By adding together certain of the measures of structure in a symmetrical manner and by ignoring others we reduce the really important measures to 16.[37] These can be divided into 10 forming a symmetrical scheme and 6 forming an antisymmetrical scheme. This is the great point of bifurcation of the world.
Symmetrical coefficients (10). Out of these we find it possible to construct Geometry and Mechanics. They are the ten potentials of Einstein (
). We derive from them space, time, and the world-curvatures representing the mechanical properties of matter, viz. momentum, energy, stress, etc.
Antisymmetrical coefficients (6). Out of these we construct Electromagnetism. They are the three components of electric intensity and three components of magnetic force. We derive electric and magnetic potential, electric charge and current, light and other electric waves.
We do not derive the laws and phenomena of atomicity. Our building operation has somehow been too coarse to furnish the microscopic structure of the world, so that atoms, electrons and quanta are at present beyond our skill.
But in regard to what is called field-physics the construction is reasonably complete. The metrical, gravitational and electromagnetic fields are all included. We build the quantities enumerated above; and they obey the great laws of field-physics in virtue of the way in which they have been built. That is the special feature; the field laws—conservation of energy, mass, momentum and of electric charge, the law of gravitation, Maxwell’s equations—are not controlling laws.[38] They are truisms. Not truisms when approached in the way the mind looks out on the world, but truisms when we encounter them in a building up of the world from a basal structure. I must try to make clear our new attitude to these laws.
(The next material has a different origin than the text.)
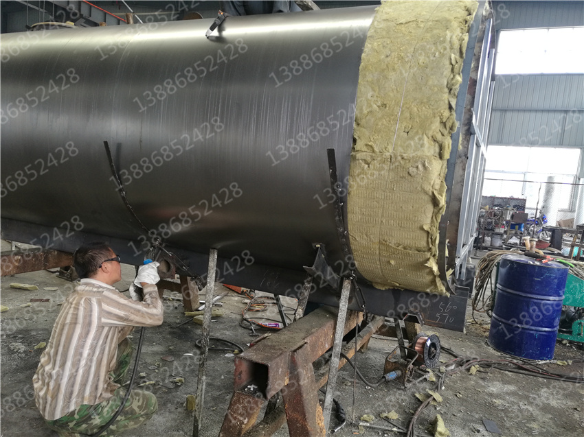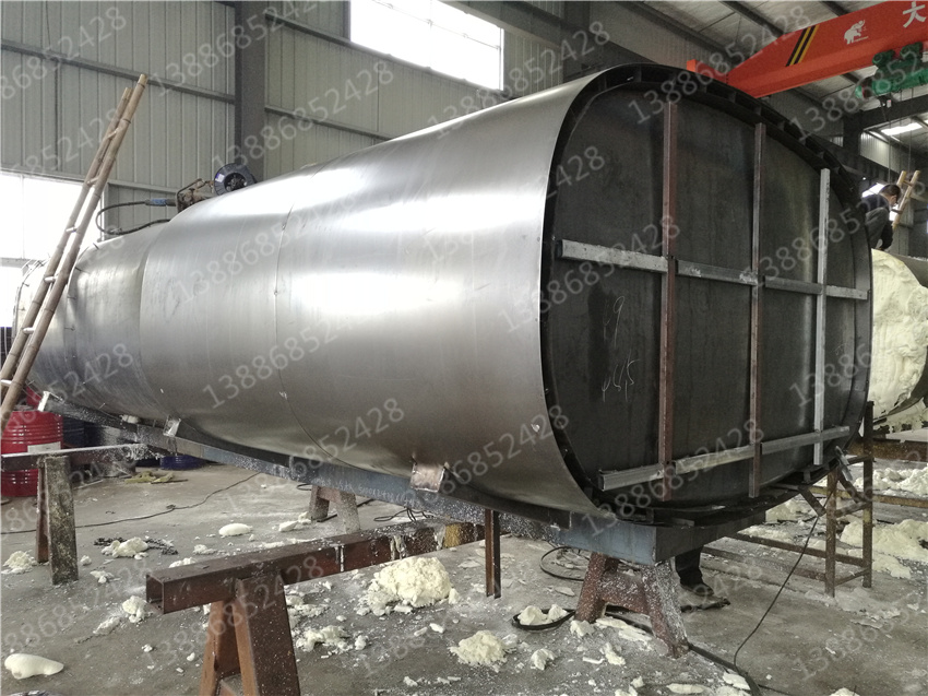另一種則是聚氨脂材料發(fā)泡保溫。聚氨脂泡沫材料的填充是利用專門的發(fā)泡機械將化學生成的發(fā)泡體噴吐至罐體與骨架之間。噴吐時慢慢的堆積成型,這樣使泡沫材料更加嚴實。對于多余的或高于骨架外型表面的發(fā)泡體,利用鏟刀將其打磨。外表蒙上一層0.8mm厚的冷軋板,采用抽芯鉚釘將冷軋板固定在骨架上。

Identical Laws. Energy momentum and stress, which we have identified with the ten principal curvatures of the world, are the subject of the famous laws of conservation of energy and momentum. Granting that the identification is correct, these laws are mathematical identities. Violation of them is unthinkable. Perhaps I can best indicate their nature by an analogy.
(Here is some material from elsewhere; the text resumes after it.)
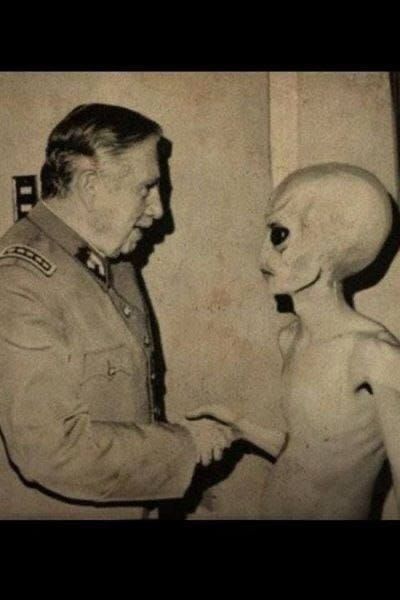 Der Russische Premierminister Dmitri Medwedjew, Von einer Journalistin des Senders Ren-TV wird er gefragt, ob er Geheiminformationen über Außerirdische habe. Darauf antwortet er mit ernsthafter Mine, der russische Präsident bekomme zusammen mit dem Atomkoffer zwei Mappen mit der Aufschrift „Streng geheim“.

An aged college Bursar once dwelt secluded in his rooms devoting himself entirely to accounts. He realised the intellectual and other activities of the college only as they presented themselves in the bills. He vaguely conjectured an objective reality at the back of it all—some sort of parallel to the real college—though he could only picture it in terms of the pounds, shillings and pence which made up what he would call “the commonsense college of everyday experience”. The method of account-keeping had become inveterate habit handed down from generations of hermit-like bursars; he accepted the form of accounts as being part of the nature of things. But he was of a scientific turn and he wanted to learn more about the college. One day in looking over his books he discovered a remarkable law. For every item on the credit side an equal item appeared somewhere else on the debit side. “Ha!” said the Bursar, “I have discovered one of the great laws controlling the college. It is a perfect and exact law of the real world. Credit must be called plus and debit minus; and so we have the law of conservation of £ s. d. This is the true way to find out things, and there is no limit to what may ultimately be discovered by this scientific method. I will pay no more heed to the superstitions held by some of the Fellows as to a beneficent spirit called the King or evil spirits called the University Commissioners. I have only to go on in this way and I shall succeed in understanding why prices are always going up.”
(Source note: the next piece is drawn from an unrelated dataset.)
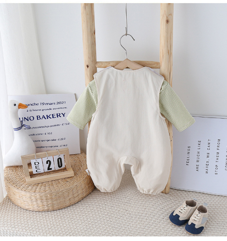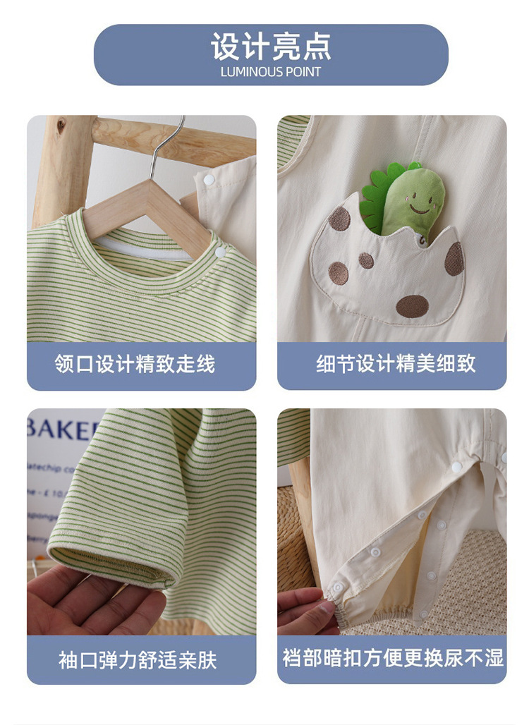 婴儿套装春季新款超可爱卡通宝宝两件套哈衣新生儿衣服T恤+背带裤

I have no quarrel with the Bursar for believing that scientific investigation of the accounts is a road to exact (though necessarily partial) knowledge of the reality behind them. Things may be discovered by this method which go deeper than the mere truism revealed by his first effort. In any case his life is especially concerned with accounts and it is proper that he should discover the laws of accounts whatever their nature. But I would point out to him that a discovery of the overlapping of the different aspects in which the realities of the college present themselves in the world of accounts, is not a discovery of the laws controlling the college; that he has not even begun to find the controlling laws. The college may totter but the Bursar’s accounts still balance.